▸ WHAT TO WORK ON
Copy every line of the records that includes the word "from".

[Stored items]
+++++

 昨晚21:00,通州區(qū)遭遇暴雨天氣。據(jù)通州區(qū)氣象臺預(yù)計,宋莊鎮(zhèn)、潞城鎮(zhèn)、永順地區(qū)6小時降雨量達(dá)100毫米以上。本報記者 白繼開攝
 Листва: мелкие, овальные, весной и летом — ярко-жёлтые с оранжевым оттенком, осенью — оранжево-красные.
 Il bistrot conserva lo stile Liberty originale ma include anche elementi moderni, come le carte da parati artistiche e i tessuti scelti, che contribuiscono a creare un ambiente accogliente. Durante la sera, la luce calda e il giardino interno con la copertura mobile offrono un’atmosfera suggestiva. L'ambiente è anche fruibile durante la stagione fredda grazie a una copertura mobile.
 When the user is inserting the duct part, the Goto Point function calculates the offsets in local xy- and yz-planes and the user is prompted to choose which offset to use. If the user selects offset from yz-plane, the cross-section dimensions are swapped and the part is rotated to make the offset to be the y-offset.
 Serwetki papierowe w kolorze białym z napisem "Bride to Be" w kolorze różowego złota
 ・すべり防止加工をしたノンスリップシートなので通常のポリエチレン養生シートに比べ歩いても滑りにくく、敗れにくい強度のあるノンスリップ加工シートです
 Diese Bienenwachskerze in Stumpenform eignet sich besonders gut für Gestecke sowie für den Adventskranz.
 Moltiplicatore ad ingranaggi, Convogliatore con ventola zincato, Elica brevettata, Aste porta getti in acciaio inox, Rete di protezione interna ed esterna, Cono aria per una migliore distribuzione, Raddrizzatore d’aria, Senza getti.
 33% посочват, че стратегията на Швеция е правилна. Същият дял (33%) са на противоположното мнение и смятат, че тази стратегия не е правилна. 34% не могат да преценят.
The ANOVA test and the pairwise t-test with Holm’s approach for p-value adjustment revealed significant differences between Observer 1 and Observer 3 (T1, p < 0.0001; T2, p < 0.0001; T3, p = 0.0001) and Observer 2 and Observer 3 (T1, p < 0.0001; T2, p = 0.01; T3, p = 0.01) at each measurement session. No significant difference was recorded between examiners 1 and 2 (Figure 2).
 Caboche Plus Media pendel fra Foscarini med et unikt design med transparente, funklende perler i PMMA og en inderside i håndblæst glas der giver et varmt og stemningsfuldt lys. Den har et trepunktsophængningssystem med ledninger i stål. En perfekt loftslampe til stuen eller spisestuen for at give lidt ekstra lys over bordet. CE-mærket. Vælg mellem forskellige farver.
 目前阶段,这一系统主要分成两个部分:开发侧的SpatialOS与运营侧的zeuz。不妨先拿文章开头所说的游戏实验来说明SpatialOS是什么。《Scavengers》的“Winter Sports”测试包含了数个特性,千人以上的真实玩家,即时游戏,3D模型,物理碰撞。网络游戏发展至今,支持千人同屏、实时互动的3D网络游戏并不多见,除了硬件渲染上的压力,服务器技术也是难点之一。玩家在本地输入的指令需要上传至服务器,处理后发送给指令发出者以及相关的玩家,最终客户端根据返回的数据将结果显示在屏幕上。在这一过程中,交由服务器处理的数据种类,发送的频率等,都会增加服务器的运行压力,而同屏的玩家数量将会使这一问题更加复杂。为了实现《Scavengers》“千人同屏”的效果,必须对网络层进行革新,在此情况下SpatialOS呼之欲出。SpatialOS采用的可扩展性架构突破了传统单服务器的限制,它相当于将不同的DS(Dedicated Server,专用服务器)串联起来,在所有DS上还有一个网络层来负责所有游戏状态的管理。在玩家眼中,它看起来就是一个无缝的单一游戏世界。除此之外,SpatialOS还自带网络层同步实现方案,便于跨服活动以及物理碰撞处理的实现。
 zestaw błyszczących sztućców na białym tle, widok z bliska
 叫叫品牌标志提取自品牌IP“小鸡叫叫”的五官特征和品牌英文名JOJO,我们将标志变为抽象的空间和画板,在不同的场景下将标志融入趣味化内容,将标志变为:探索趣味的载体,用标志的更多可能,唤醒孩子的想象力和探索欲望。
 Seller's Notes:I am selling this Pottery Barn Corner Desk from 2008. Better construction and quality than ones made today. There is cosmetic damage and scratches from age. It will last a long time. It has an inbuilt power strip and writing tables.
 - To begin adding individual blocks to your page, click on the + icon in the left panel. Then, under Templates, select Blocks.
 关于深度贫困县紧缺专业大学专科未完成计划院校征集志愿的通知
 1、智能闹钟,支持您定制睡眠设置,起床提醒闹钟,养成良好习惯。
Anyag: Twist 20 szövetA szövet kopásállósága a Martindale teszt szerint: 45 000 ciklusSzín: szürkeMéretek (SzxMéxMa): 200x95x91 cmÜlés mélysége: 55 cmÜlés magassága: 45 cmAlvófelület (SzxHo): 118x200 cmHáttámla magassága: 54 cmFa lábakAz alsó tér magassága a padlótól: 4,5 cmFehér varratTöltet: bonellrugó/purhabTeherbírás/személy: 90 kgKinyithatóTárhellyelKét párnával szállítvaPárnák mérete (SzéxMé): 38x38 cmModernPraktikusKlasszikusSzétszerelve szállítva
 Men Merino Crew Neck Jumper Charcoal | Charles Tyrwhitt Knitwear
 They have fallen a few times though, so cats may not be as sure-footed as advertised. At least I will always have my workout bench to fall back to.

+++++

▸ FINAL ANSWER
 When the user is inserting the duct part, the Goto Point function calculates the offsets in local xy- and yz-planes and the user is prompted to choose which offset to use. If the user selects offset from yz-plane, the cross-section dimensions are swapped and the part is rotated to make the offset to be the y-offset.
 Seller's Notes:I am selling this Pottery Barn Corner Desk from 2008. Better construction and quality than ones made today. There is cosmetic damage and scratches from age. It will last a long time. It has an inbuilt power strip and writing tables.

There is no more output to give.